NO OFFER OR SOLICITATION

 

This press release is for informational purposes only and is not intended to, and shall not, constitute an offer to sell or the solicitation of an offer to buy any securities or a solicitation of any vote or approval, nor shall there be any sale of securities in any jurisdiction in which such offer, solicitation or sale would be unlawful prior to registration or qualification under the securities laws of any such jurisdiction. No offering of securities shall be made except by means of a prospectus meeting the requirements of Section 10 of the Securities Act.

 

 

 

FAQ

What did Two Harbors (TWO) announce in this 8-K filing?

Two Harbors announced it received an unsolicited proposal to acquire all outstanding common shares for $10.70 per share in cash.
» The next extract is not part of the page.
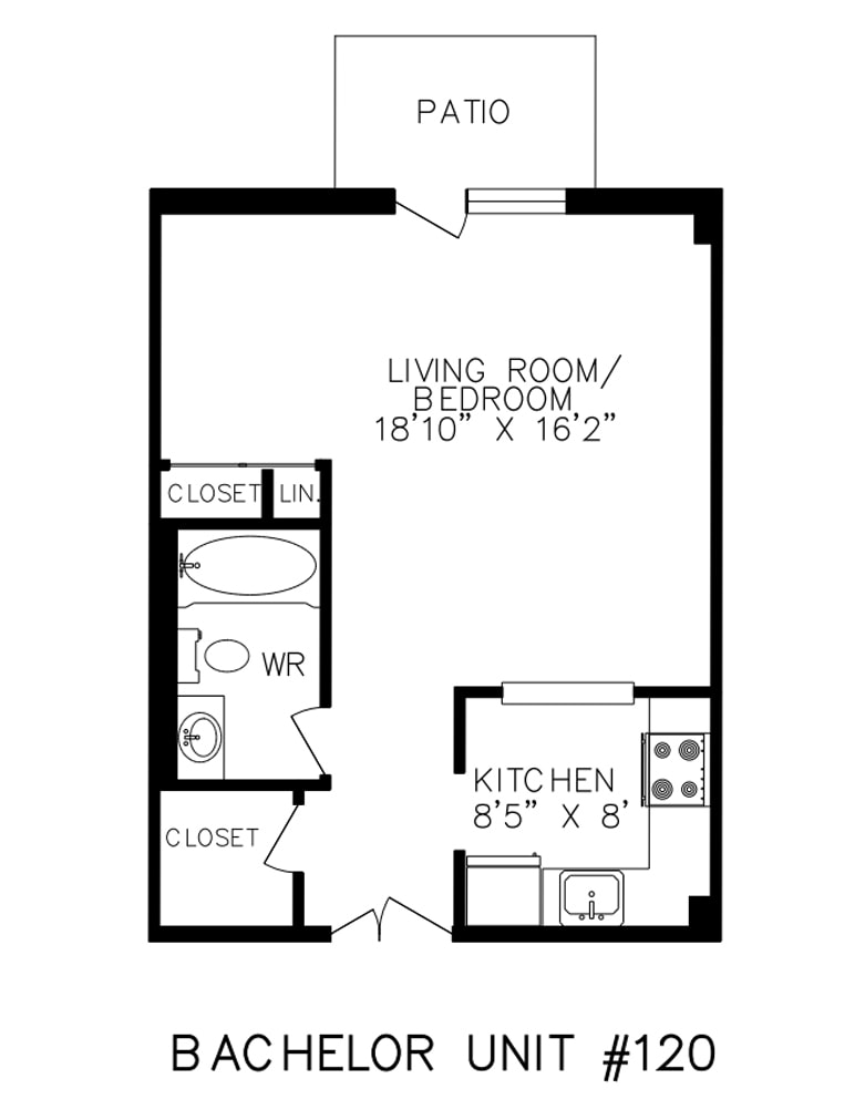 Modelo de apartamento: Bachelor$1,299Estudio, 1 Baño, 460 sq ftDisponible Ahora![]()

The proposal also covers the $25.4 million termination fee tied to its existing merger agreement with UWM Holdings Corporation, creating a potential alternative transaction.

How does the unsolicited $10.70 per share proposal affect the existing UWMC merger?
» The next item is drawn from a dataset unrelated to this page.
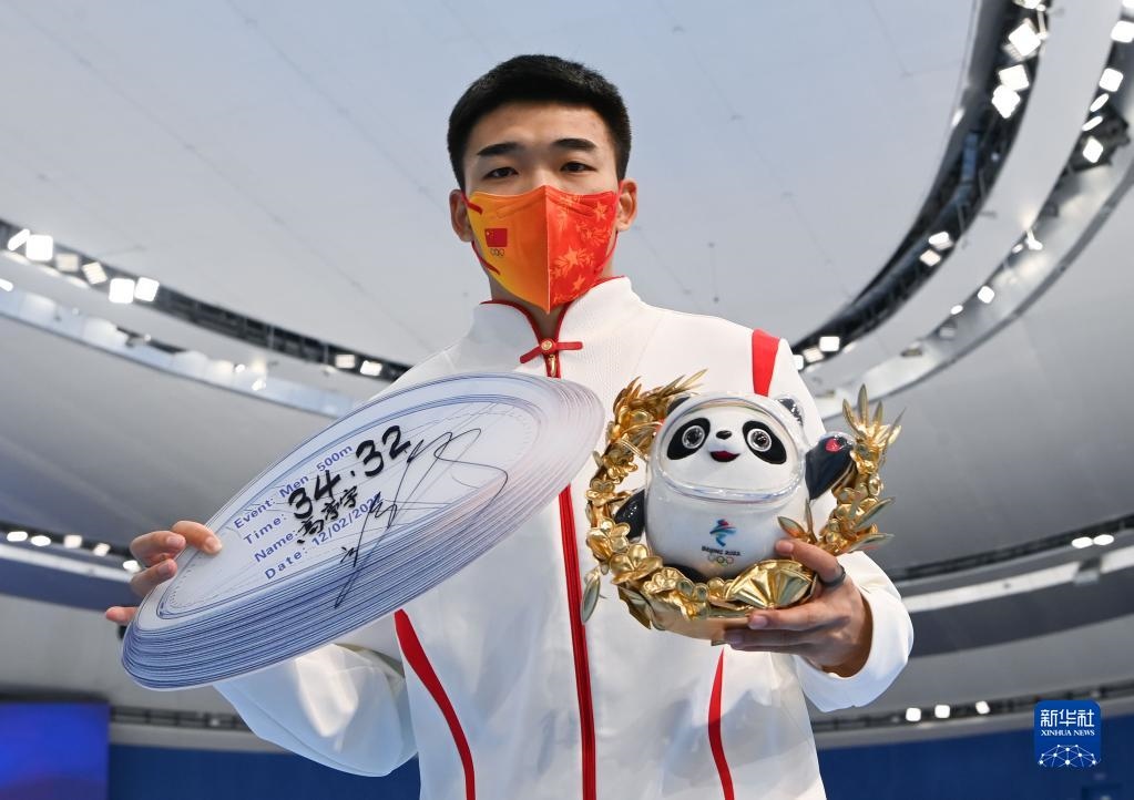 2月12日,冠軍中國(guó)隊(duì)選手高亭宇展示自己在速度滑冰男子500米決賽中的成績(jī)。新華社記者武巍攝

An ad hoc board committee determined the unsolicited $10.70 cash proposal could reasonably be expected to lead to a "Company Superior Proposal" under the UWMC merger agreement. However, the UWMC agreement remains in effect, and the board continues to recommend that transaction at this time.
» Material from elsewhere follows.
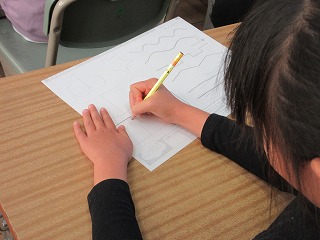えんぴつで引ける線は、とにかく「たて線」のみ!プリントには折れ曲がったり、直角に曲がった線があり、その上をなぞるにはどうすればええかな?

Has Two Harbors decided the unsolicited offer is superior to the UWMC deal?

No. The ad hoc committee concluded only that the unsolicited proposal could reasonably be expected to lead to a "Company Superior Proposal." It has not determined the offer is superior and will continue engaging, including on definitive documentation, before making any such determination.

What happens if Two Harbors declares the unsolicited bid a Company Superior Proposal?

If the committee ultimately determines a "Company Superior Proposal" has been received, UWMC will have three business days to negotiate with Two Harbors and propose any revisions to the UWMC transaction. That process could lead to amended terms or retention of the original UWMC deal.

Is the Two Harbors special meeting on the UWMC merger still going forward?

Yes. The UWMC merger agreement remains in force and the board continues to recommend it. Two Harbors’ previously announced Special Meeting of Stockholders to vote on the UWMC transaction remains scheduled for March 24, 2026, despite the competing unsolicited proposal.

What key financial terms are included in the unsolicited proposal for Two Harbors?

The unsolicited proposal offers $10.70 per share in cash for all outstanding Two Harbors common stock. Additionally, it provides for payment of the $25.4 million termination fee that would be owed to UWM Holdings Corporation if the existing merger agreement is terminated to pursue the new transaction.